TiddlyWeb (low-level) - This is new RESTful server-side component we’ve been building at Osmosoft for persistence, where each Tiddler has its own URI; it’s similar to CouchDB and other NOSQL frameworks; the main difference is it provides extreme flexibility on all manner of things like authentication and storage and presentation formats, and will mostly be invisible to users as we’re building higher-level abstractions on top of it. Also, the underlying data model is that of tiddlers, which means a title, text, list of tags, creation/modification info, and key-value fields (many NOSQL frameworks will have similar document models, but none exactly matching the Tiddler data structure that has always been present in the TiddlyWiki client UI).

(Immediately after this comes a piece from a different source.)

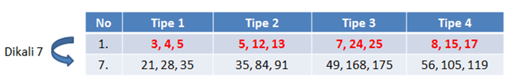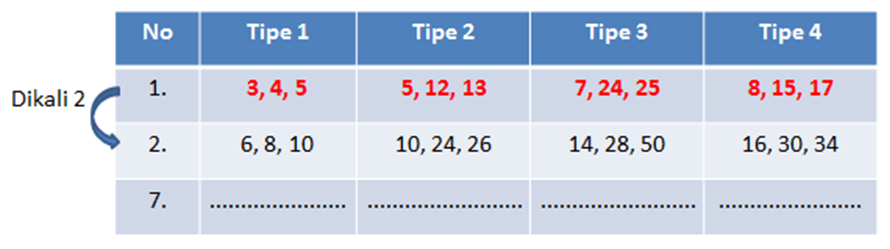 Terdapat 4 tipe bilangan yang termasuk tripel Phytagoras. Susunan 4 tipe bilangan tripel Phytagoras dapat dilihat pada tabel berikut ini.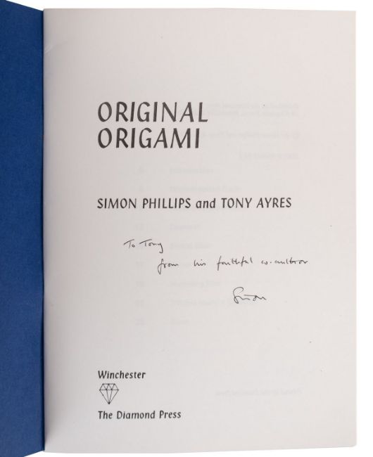 PHILLIPS, Simon, and AYRES, Tony. Original Origami, 1st edition, Winchester: The Diamond Press 1974, signed and inscribed 'To Tony from his faithful co-author Simon', orig. blue wraps with silver lettering, fine, 22cm x 15.5cm.

For most people, TiddlyWeb is best considered as a powerful component further down the stack than what you actually interact with. You’d only need to know about it in detail if you were trying to do powerful admin things, or change the code, on something higher-level like TiddlySpace; or if you wanted to build something equivalent to TiddlySpace; or you were trying to use it in a kind of NOSQL server capacity.

TiddlyWebWiki (low-level) - This is a set of plugins for TiddlyWiki that help it talk to TiddlyWeb. It “hijacks” (intercepts) calls like store.saveTiddler() so that instead of saving to the local drive, it will upload to the TiddlyWeb server.

TiddlyHoster and TiddlyConsole These products will probably converge. TiddlyHoster is a first-cut at the TiddlySpace concept, an inspiring product mostly built by @cdent and cobbling together various plugins. You can try it out now at It’s a fairly direct exposure of the TiddlyWeb bags and recipes model. TiddlyConsole (formerly TiddlyRecon) is similarly a bag and recipe and user mangement tool, with more emphasis on admin usage than that from end-users. We hope the essence of these tools can be incorporporated into TiddlySpace to support power users.

TiddlySpace - This is a higher-level web app, building on TiddlyWeb, to make it easy for folks to spin off new multi-user (or single-user) TiddlyWiki instances. This is really the most important piece, and the one everything’s been leading up to, when it comes to Osmosoft’s mission to get all manner of web apps running inside the enterprise, and will hopefully be just as useful for other enterprises as well as ad hoc groups working on the broader internet. With TiddlySpace, you have an application running at for example. You click a “clone” button, type in “CameraGuide”, and suddenly you have a clone of that web app running at The neat thing is that the new space has copies of all the pocketbook tiddlers, which you can happily hack. The application tiddlers are “copied by reference” from a master application space, say, so you will inherit any future changes made to the application. All this sounds complicated, but will be seamless to the user, and is also easy for us to implement while building TiddlySpace, thanks to TiddlyWebs’ flexible bags and recipes model for containment of tiddlers. (See my earlier discussion too.) Pretty much all of TiddlySpace is driven by client-side code TiddlyWiki plugins, connecting to the TiddlyWeb server.

We’ve spent a while talking about the design of TiddlySpace and tomorrow we have a hackday with the goal of getting a v0.1 running.